Опустился теплый тропический вечер. Мы стояли на палубе и считали мигающие огоньки береговых маяков — зеленые, белые, красные, всего их было 13. Временами во тьме, окутавшей остров, медленно соскальзывали к берегу близко поставленные сверкающие «глаза» — это по горной дороге спускались в город автомашины. Одна пара огней выкатилась на набережную. Погасла. Потом снова вспыхнула, лучи скользнули по водной глади залива и спрятались в темноте. Очевидно, кто-то приезжал посмотреть на нас.

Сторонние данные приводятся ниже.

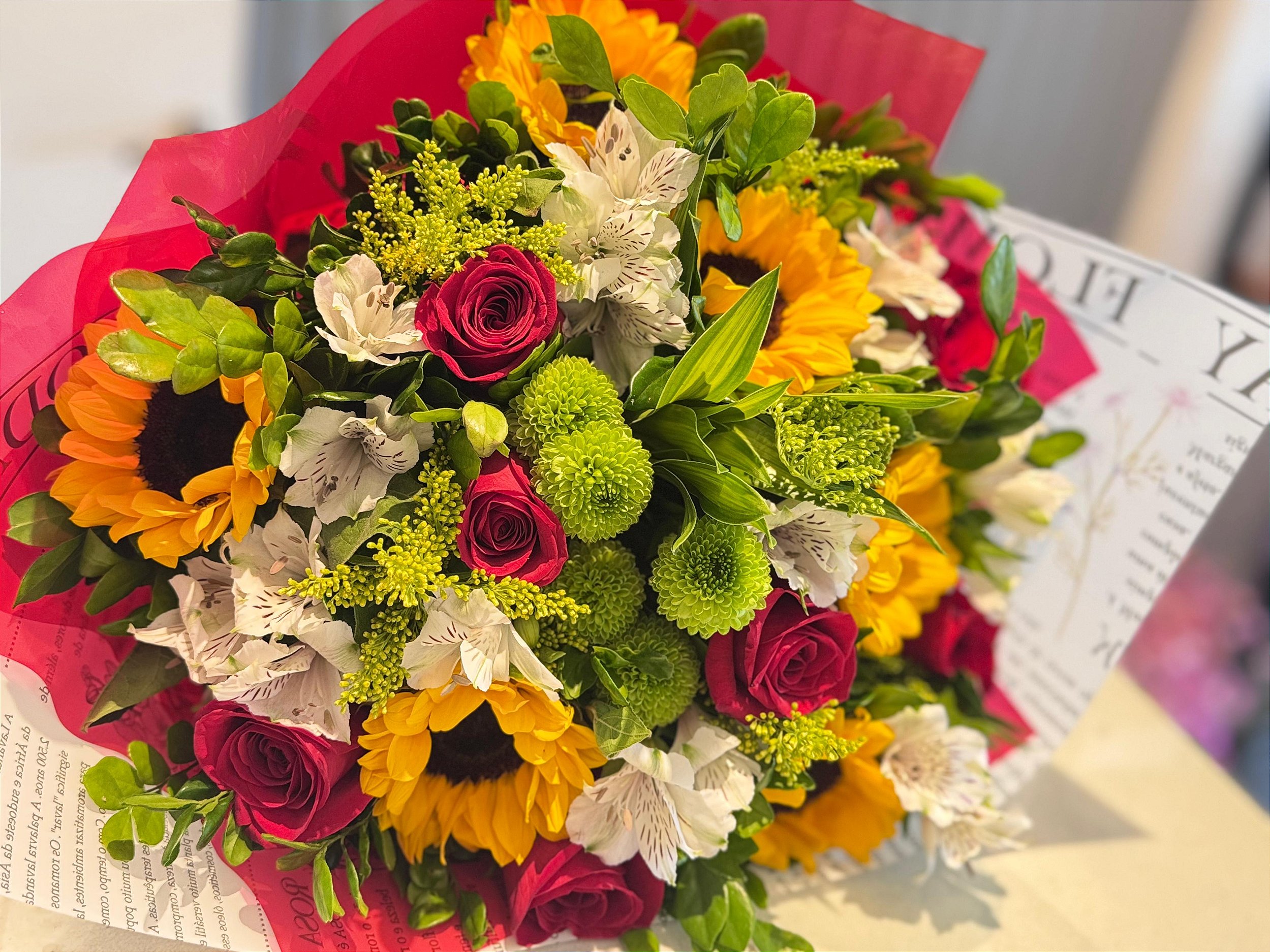Um buquê vibrante e cheio de vida, combinando o calor dos girassóis com a delicadeza das rosas vermelhas e o frescor das flores brancas. A harmonia das cores transmite alegria, carinho e boas energias, tornando este arranjo perfeito para surpreender em qualquer ocasião especial. Ideal para presentear com amor, gratidão ou simplesmente espalhar sorrisos.

Не прошло и получаса, как к нам на борт поднялись островитяне, а по судну уже прошел слух, что на Святой Елене туго с продуктами.
И как подтверждение этому рассказывали:
— Просили 4 тысячи яиц, нам предложили 120. Курам на смех!
— Луку обещали собрать по всему острову всего-навсего 30 килограммов. Даже на окрошку не хватит!
Доктор разузнал расписание работы местных магазинов: с 7 до 8, с 9 до 13 и с 14 до 17.30.
Пока шло обсуждение этих сведений, любители рыбной ловли не теряли драгоценного времени. Через борт в море забрасывались самые разнообразные снасти. Этот ночной лов умопомрачительным. Рыба, привлекаемая корабельными прожекторами, прямо-таки лезла на крючок. Скоро в плавательном бассейне метались десятки небольших тупорылых рыбешек. Биолог Анджей сказал, что это бонито — одна из более распространенных тут промысловых рыб. Особенно отличился гидролог Василий Евграфович — овил красно-золотистую красавицу с длинными плавниками, настоящую золотую рыбку. Анджей был в восторге, заявив, что этот редкий вид карася мог бы украсить любую коллекцию.
Глаза Василия Евграфовича сияли, а рот сам собой расплывался в улыбке. Но не только золотая рыбка бы тому причиной. Сутки назад в полночь по судовому времени на его имя пришла радиограмма с сообщением, что у него родилась двойня: мальчик и девочка. И все окружающее Вася воспринимал теперь исключительно в розовом свете.
... Поступили новые сведения: завтра в восемь часов утра начнется высадка на берег. А поздно вечером мы уйдем. Значит, впереди у нас целый день. День на острове Святой Елены! Это завтра. А сейчас вокруг безмолвная тропическая ночь. И, пользуясь ночной тишиной, самое время привести некоторые сведения из ранней истории Святой Елены.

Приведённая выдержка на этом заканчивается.